■ SOURCE MATERIAL:

%%

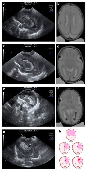 Ultrasound and magnetic resonance imaging (MRI) showing different grades of GM-IVH. (a) Parasagittal cerebral ultrasound through lateral ventricles shows grade I hemorrhage; (b) T2-weighted axial MRI shows grade I hemorrhage on both lateral ventricles; (c) parasagittal cerebral ultrasound through lateral ventricles shows grade II hemorrhage; (d) T2-weighted axial MRI shows grade II hemorrhage on the left lateral ventricle; (e) parasagittal cerebral ultrasound through lateral ventricles shows grade III hemorrhage; (f) T2-weighted axial MRI shows grade III hemorrhage on the left lateral ventricle and grade II hemorrhage on the right lateral ventricles; (g) coronal cerebral ultrasound shows grade IV or periventricular hemorrhagic infarction; (h) cartoon representing ultrasound classification of the germinal matrix-intraventricular hemorrhage (GM-IVH).
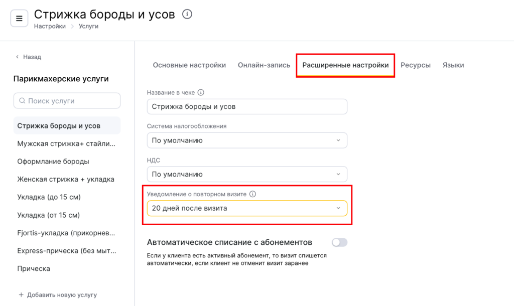 Вы также можете изменить настройки периода для каждой услуги в разделе Настройки > Настройки записи > Услуги на вкладке Расширенные настройки (подробнее о настройке услуг читайте в статье).
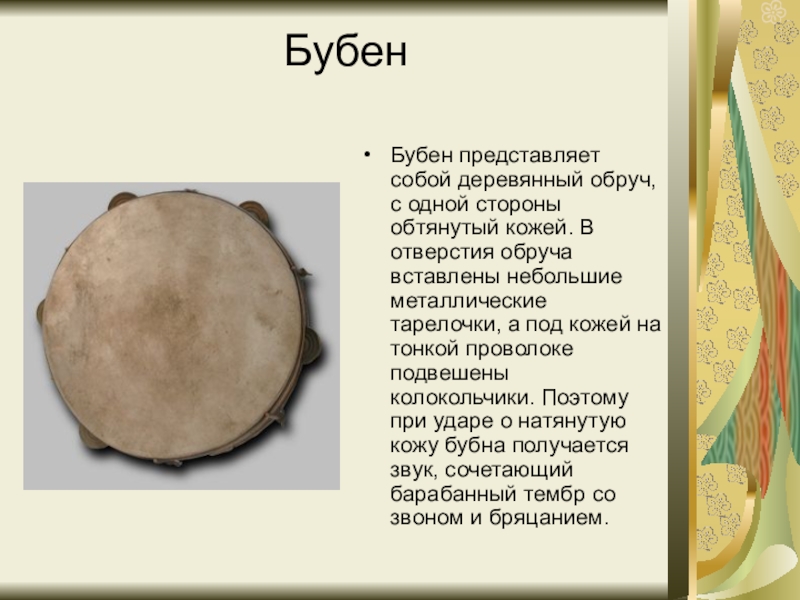 Бубен - ударный музыкальный инструмент с неопределенной высотой звука. Проникнув в
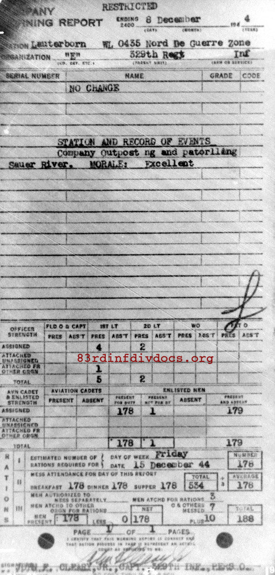 Company outposting and patrolling Sauer River. Morale Excellent.
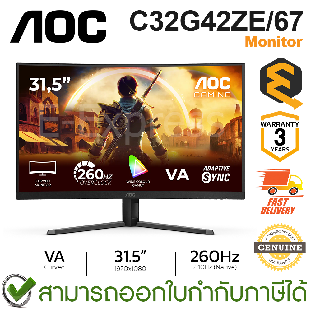 AOC Monitor 24G50Z/67 LED 23.8-Inch IPS 260Hz OC BK จอมอนิเตอร์ จอเกมมิ่ง ของแท้ ประกันศูนย์ 3ปี
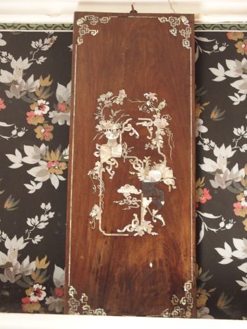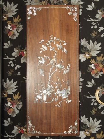 Trois panneaux (petit modèle) en marqueterie de nacre et bois exotique, décor de papillons et de végétaux. Indochine. XIXème
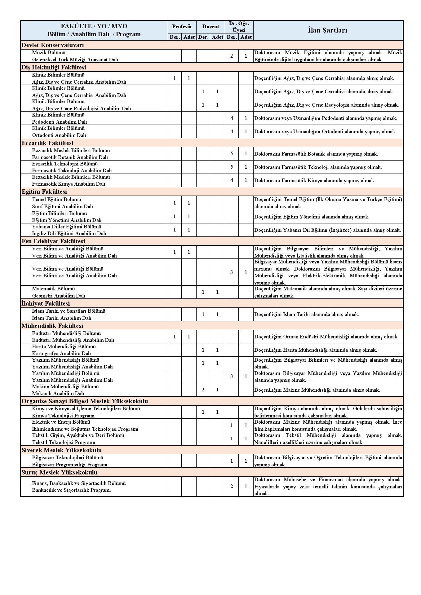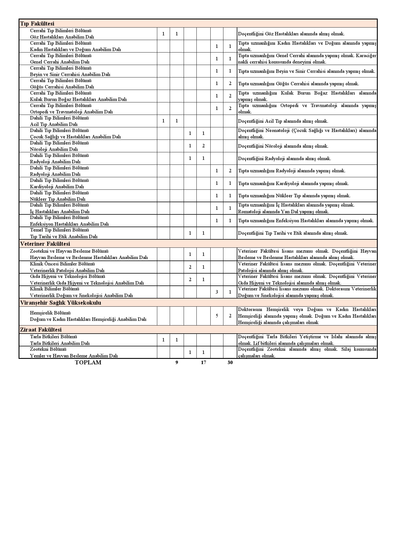 9) 2547 sayılı Kanunun Ek-38'inci maddesi uyarınca belirlenen % 30'luk kota kapsamında başvuru yapılabilecek Doktor Öğretim Üyesi kadrosu bulunmamaktadır.
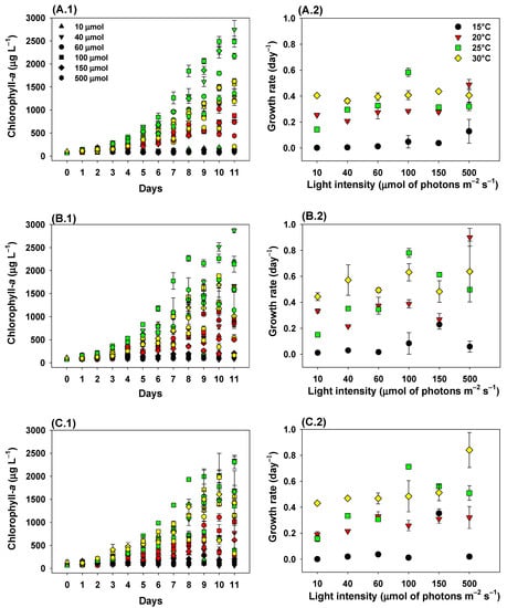 Growth based on chlorophyll-a (1) and calculated growth rates (2) of Cylindrospermopsis raciborskii strains under the combinations of six light intensities and four water temperatures. Letters indicated C. raciborskii strains: CYLCAM-01 (A); CYLCAM-02 (B) and CYLCAM-03 (C). Symbols indicate light intensities: Up triangles = 10 µmol photons m−2 s−1; down triangles = 40 µmol photons m−2 s−1; circles = 60 µmol photons m−2 s−1; squares = 100 µmol photons m−2 s−1; diamonds = 150 µmol photons m−2 s−1; hexagons = 500 µmol photons m−2 s−1; Colors indicate temperatures: black = 15 °C; red = 20 °C; green = 25 °C; yellow = 30 °C. Bars are standard deviations (n = 3).
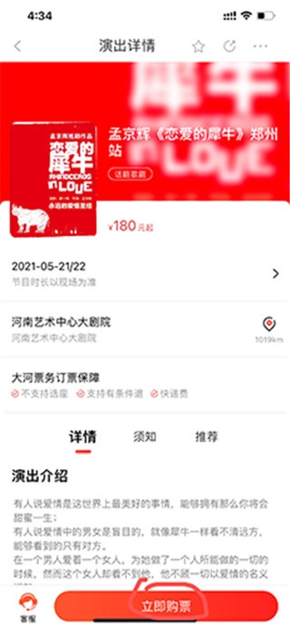 1、先找到自己要购票的项目,接着点击“立即购票”按钮
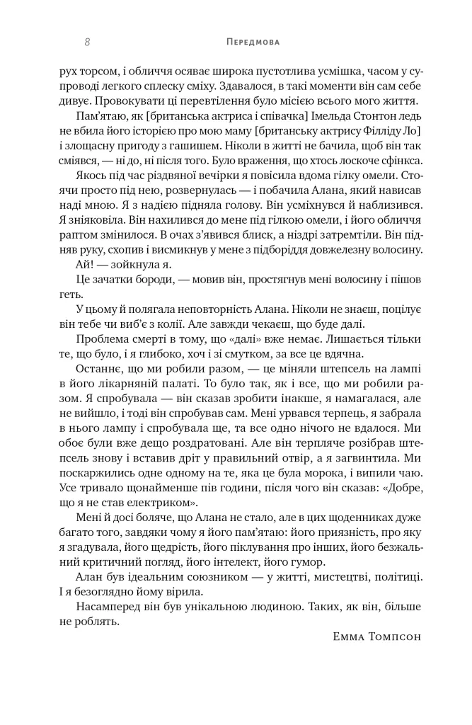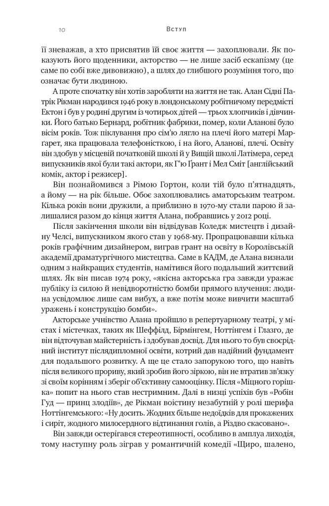 Читати «Шалено, глибоко» — це як перебувати за лаштунками життя Алана Рікмана: дивитися на професора Северуса Снейпа з «поттеріани», Ганса Ґрубера з «Міцного горішка» й полковника Брендона з «Розуму і почуттів». Але не тільки актора, а й режисера, чоловіка, друга, мандрівника. Не на образ, а на справжнього Рікмана. Бо образ — це завжди чиєсь спотворене дзеркало.Його сприймали як пихатого аристократа — а він з юності був відданий лейбористським ідеалам і скептично ставився до умовностей британського роялізму. Його вважали актором, перед чиєю харизмою не встоїть жодна жінка, — а він пів століття був непохитно вірний Рімі Гортон.Він був не таким, як його уявляли. А яким? Збагнути це допоможуть 26 щоденників, які Рікман вів від 1993 року й до смерті у 2016-му. Шалено, глибоко, іронічно, щиро. Де не кожен день — свято, але кожен — життя.

%%

■ INSTRUCTIONS TO FOLLOW: Reproduce the listing verbatim, and keep the pictures out of the copy.

■ RESPONSE BELOW:
 Ultrasound and magnetic resonance imaging (MRI) showing different grades of GM-IVH. (a) Parasagittal cerebral ultrasound through lateral ventricles shows grade I hemorrhage; (b) T2-weighted axial MRI shows grade I hemorrhage on both lateral ventricles; (c) parasagittal cerebral ultrasound through lateral ventricles shows grade II hemorrhage; (d) T2-weighted axial MRI shows grade II hemorrhage on the left lateral ventricle; (e) parasagittal cerebral ultrasound through lateral ventricles shows grade III hemorrhage; (f) T2-weighted axial MRI shows grade III hemorrhage on the left lateral ventricle and grade II hemorrhage on the right lateral ventricles; (g) coronal cerebral ultrasound shows grade IV or periventricular hemorrhagic infarction; (h) cartoon representing ultrasound classification of the germinal matrix-intraventricular hemorrhage (GM-IVH).
 Вы также можете изменить настройки периода для каждой услуги в разделе Настройки > Настройки записи > Услуги на вкладке Расширенные настройки (подробнее о настройке услуг читайте в статье).
 Бубен - ударный музыкальный инструмент с неопределенной высотой звука. Проникнув в
 Company outposting and patrolling Sauer River. Morale Excellent.
 AOC Monitor 24G50Z/67 LED 23.8-Inch IPS 260Hz OC BK จอมอนิเตอร์ จอเกมมิ่ง ของแท้ ประกันศูนย์ 3ปี
 Trois panneaux (petit modèle) en marqueterie de nacre et bois exotique, décor de papillons et de végétaux. Indochine. XIXème
 9) 2547 sayılı Kanunun Ek-38'inci maddesi uyarınca belirlenen % 30'luk kota kapsamında başvuru yapılabilecek Doktor Öğretim Üyesi kadrosu bulunmamaktadır.
 Growth based on chlorophyll-a (1) and calculated growth rates (2) of Cylindrospermopsis raciborskii strains under the combinations of six light intensities and four water temperatures. Letters indicated C. raciborskii strains: CYLCAM-01 (A); CYLCAM-02 (B) and CYLCAM-03 (C). Symbols indicate light intensities: Up triangles = 10 µmol photons m−2 s−1; down triangles = 40 µmol photons m−2 s−1; circles = 60 µmol photons m−2 s−1; squares = 100 µmol photons m−2 s−1; diamonds = 150 µmol photons m−2 s−1; hexagons = 500 µmol photons m−2 s−1; Colors indicate temperatures: black = 15 °C; red = 20 °C; green = 25 °C; yellow = 30 °C. Bars are standard deviations (n = 3).
 1、先找到自己要购票的项目,接着点击“立即购票”按钮
 Читати «Шалено, глибоко» — це як перебувати за лаштунками життя Алана Рікмана: дивитися на професора Северуса Снейпа з «поттеріани», Ганса Ґрубера з «Міцного горішка» й полковника Брендона з «Розуму і почуттів». Але не тільки актора, а й режисера, чоловіка, друга, мандрівника. Не на образ, а на справжнього Рікмана. Бо образ — це завжди чиєсь спотворене дзеркало.Його сприймали як пихатого аристократа — а він з юності був відданий лейбористським ідеалам і скептично ставився до умовностей британського роялізму. Його вважали актором, перед чиєю харизмою не встоїть жодна жінка, — а він пів століття був непохитно вірний Рімі Гортон.Він був не таким, як його уявляли. А яким? Збагнути це допоможуть 26 щоденників, які Рікман вів від 1993 року й до смерті у 2016-му. Шалено, глибоко, іронічно, щиро. Де не кожен день — свято, але кожен — життя.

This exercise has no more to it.